(Task to complete):
Nothing but the lines from the one containing "本周纯碱主力01合约低位震荡" to the end of the data should be copied, exactly, and the pictures stay out.

(Collected material):
▽
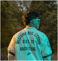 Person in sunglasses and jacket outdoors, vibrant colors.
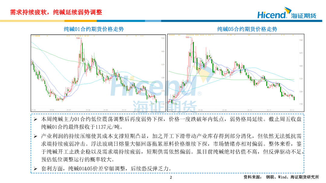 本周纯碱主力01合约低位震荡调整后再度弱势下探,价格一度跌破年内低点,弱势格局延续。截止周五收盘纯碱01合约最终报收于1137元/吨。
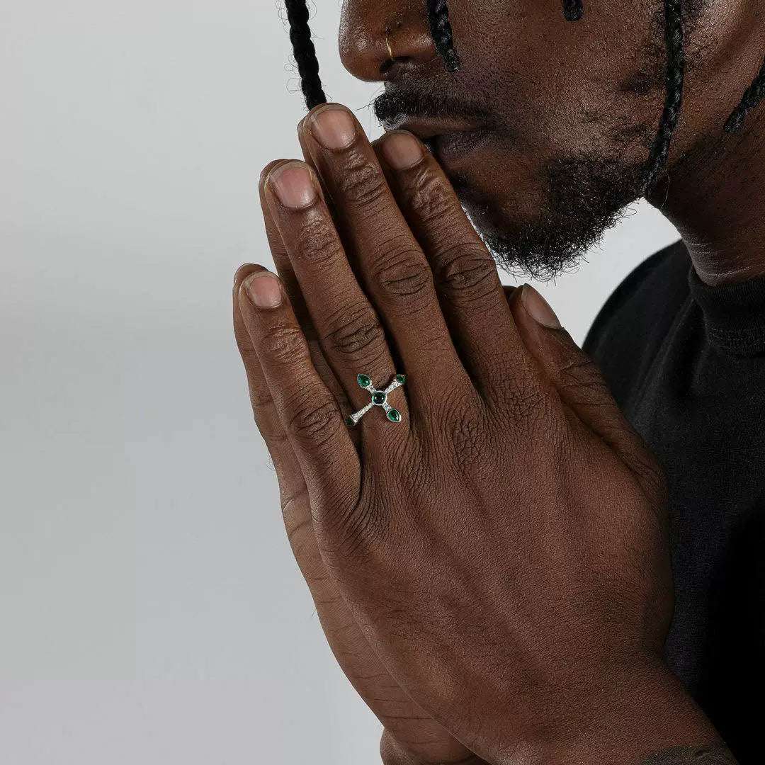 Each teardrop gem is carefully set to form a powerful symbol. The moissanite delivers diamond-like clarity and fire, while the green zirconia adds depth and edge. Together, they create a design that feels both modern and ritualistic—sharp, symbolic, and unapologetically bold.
△
(Response for this exercise):
 本周纯碱主力01合约低位震荡调整后再度弱势下探,价格一度跌破年内低点,弱势格局延续。截止周五收盘纯碱01合约最终报收于1137元/吨。
 Each teardrop gem is carefully set to form a powerful symbol. The moissanite delivers diamond-like clarity and fire, while the green zirconia adds depth and edge. Together, they create a design that feels both modern and ritualistic—sharp, symbolic, and unapologetically bold.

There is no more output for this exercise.